Wednesday, March 23, 2011

Some initial thoughts on collective failure, responsibility, and guilt

I'm sure the ideas I've been juggling in my head for a while are not new. It seems like an issue some philosopher must have grappled with. But at any rate it's something that itches at me often when I encounter arguments about the issues I list in the title of this post. I want to make this fairly quick, and build on it in the future, so I'm gonna keep it short and punchy.

Some definitions:

Collective failure
I understand collective failure as an outcome within a given group where all/most members of the group are made worse off (could we call that a Pareto decline?),  and the outcome cannot be fully attributed to some exogenous forces, and each member of the group did something that was a necessary (but not, in itself, sufficient) to allow the outcome to happen. (That's too wordy!)

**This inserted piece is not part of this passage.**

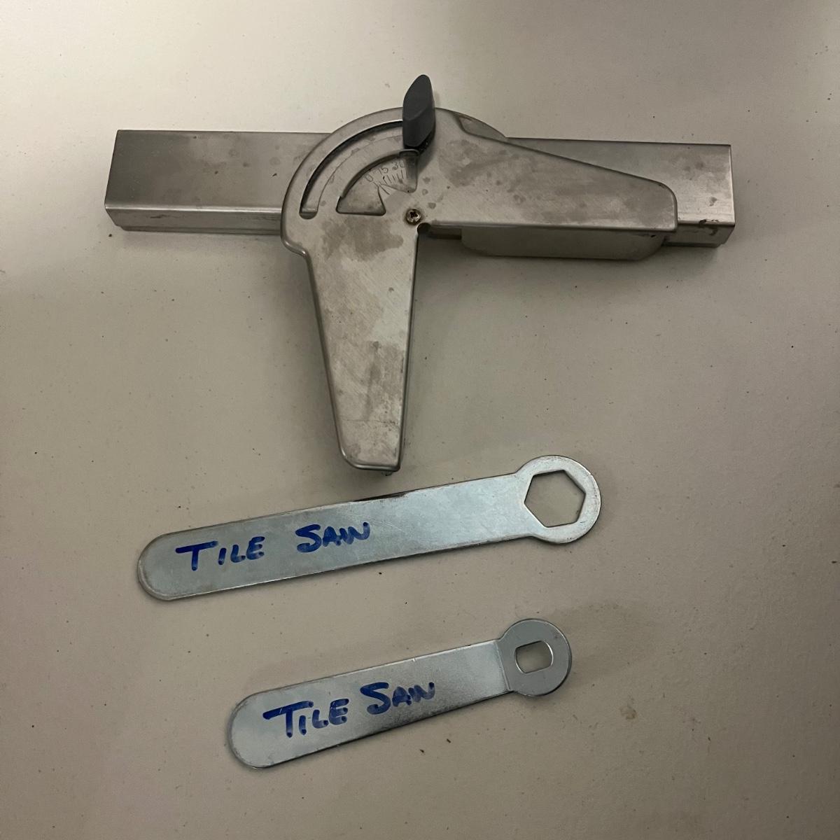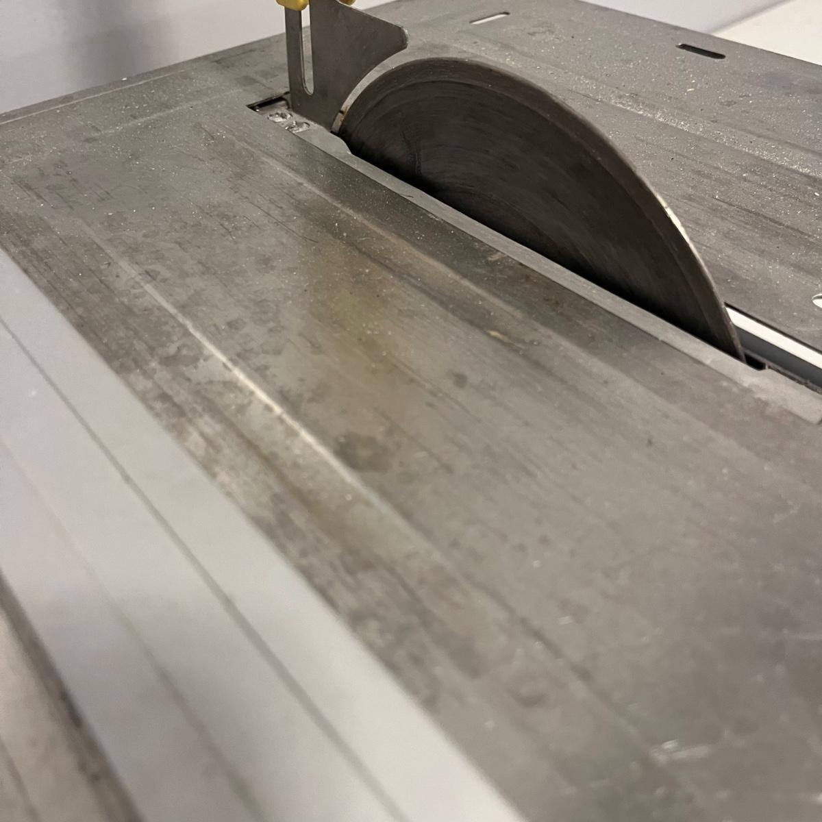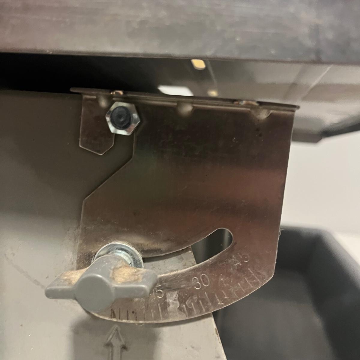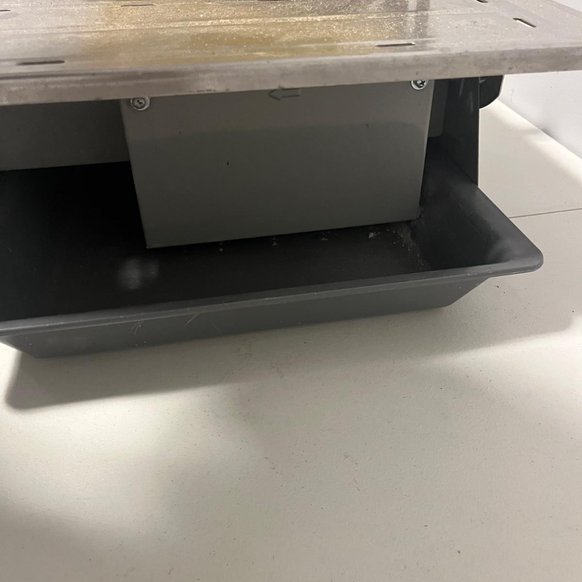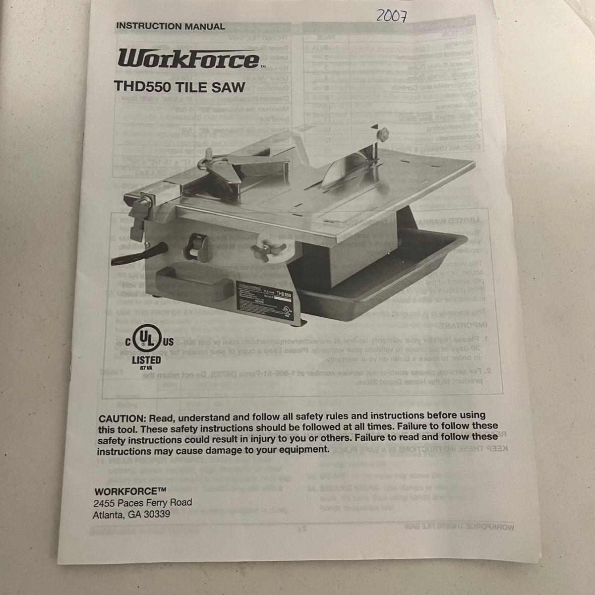 Lot includes a Workforce tile saw that powered on when plugged in. Saw measures 16”.5” x 15” x 10”H. Top has come unwelded from bracket, see pictures.
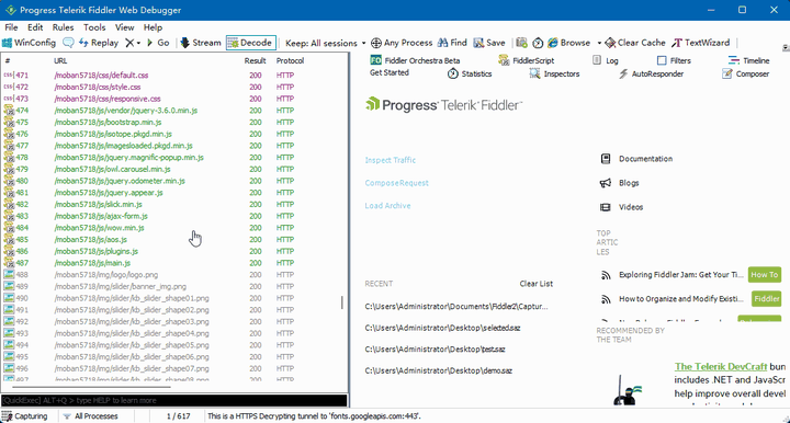 - 启动Fiddler后会自动开始捕获流量

Collective failure may effect people outside the group. For example, if we imagine that the policies of communist China under Mao where responsible for suffering among all Chinese people, we may say this was the result of a collective failure- but not among ALL Chinese, but among, say, the political class, or the educated class, or whatever.

Collective responsibility
Most ethical theories, along with most folk's ethical intuitions, hold that a person is morally responsible for an action iff she could have done otherwise. While I see the usefulness of this way of thinking, I think it comes loaded with some metaphysical baggage; I don't think we ever really know if someone could have done otherwise from what he/she actually did do. OK, but let's say we can imagine, in some cases, that someone could have done otherwise. The role of this way of thinking may be to change future incentives in order to shift behavior at the margin in order to decrease socially costly behavior.

But in the case of collective responsibility, we seem to run into a problem: this way of thinking doesn't apply easily to groups. If you say a group could have done otherwise, it seems like you need a way to translate that into individual action. And here we have the real problem: it's obvious that many individual actions are only possible if others act a certain way. That is, someone could only have also differently if others had also acted differently. Now, there are cases where an individual could plausibly have been able to induce others to behave in this way, but there are also many cases where this isn't the case. In such cases, how can we attribute responsibility in a way that can be sensibly applied to all individuals in a group?

I think a plausible answer to this question goes something like this:
When we attribute responsibility for some outcome to some group, one thing we want to do is to induce that group to develop social practices that will make this outcome less likely in the future. Such practices may only be possible with widespread changes in behavior among all, or a sufficient number of members of the group. I think social norms that guide a lot of behavior are like this: they require most  members to opt in. And I think perception of  collective responsibility within a group may induce a change of behavior that can change social norms and, thus, social outcomes.

Collective guilt
In some usages, 'guilt' and 'responsibility' may be used interchangeably, but I want to argue that, in cases dealing with social outcomes, it is more useful to make a distinction. I think 'guilt' ought to be used only to apply to those we actually punish. Part of the reason for this is rhetorical and pragmatic. People seem to recoil at most suggestions of collective guilt, and probably rightly so. For one thing, guilt also has a connotation of exclusion; once we ascribe guilt, the common understanding is that those who aren't guilty are off the hook. It also has a connotation of finality; once we've found out who is guilty, we punish them, or make them give compensation, and then we're finished. With many social problems, however, thing are more complicated than this kind of thinking allows for.

Application and conclusion
Let me try to apply this thinking to a concrete case to make it clearer. Suppose we attribute the atrocities committed by the Japanese military and occupying authorities from 1932-1946 to a collective failure among the Japanese people at the time to curb the highly nationalistic and militaristic tendencies in Japanese society at that time.

We may say that those people who committed the atrocities, and those who ordered them, or even knowingly allowed them to occur, are clearly guilty in some sense. We may even hold guilty all Japanese who were of a certain age at that time- though in a different sense; we're not going to throw all of them in prison, but we may, say, want them to feel guilty in order to change their behavior in the future.

But it seems pretty absurd to hold most Japanese people alive today to be guilty for those crimes. After all, they weren't even alive at the time, or they were children.And assigning guilt in this way may fuel resentment among Japanese people, or bigotry against Japanese people.

 But we may want to attribute some kind of collective responsibility- not for what happened then, but to do better in the future- to develop better social norms, institutions, and practices so that the Japanese military will never again act in such a way. After all, norms and institutions are sticky- they don't change overnight, and they depend on many bottom-up social phenomena- not only on policy or actions by leaders, but also on the actions of all people within the group.

Of course, we do a lot more than this. We also encourage policies, act in international diplomacy, etc. But this kind of assigning of responsibility is one of the things we may do.


I hope these ideas are useful in helping us understand some important problems we face in our society, and in addressing these problems. In the future, I plan to elaborate on these ideas.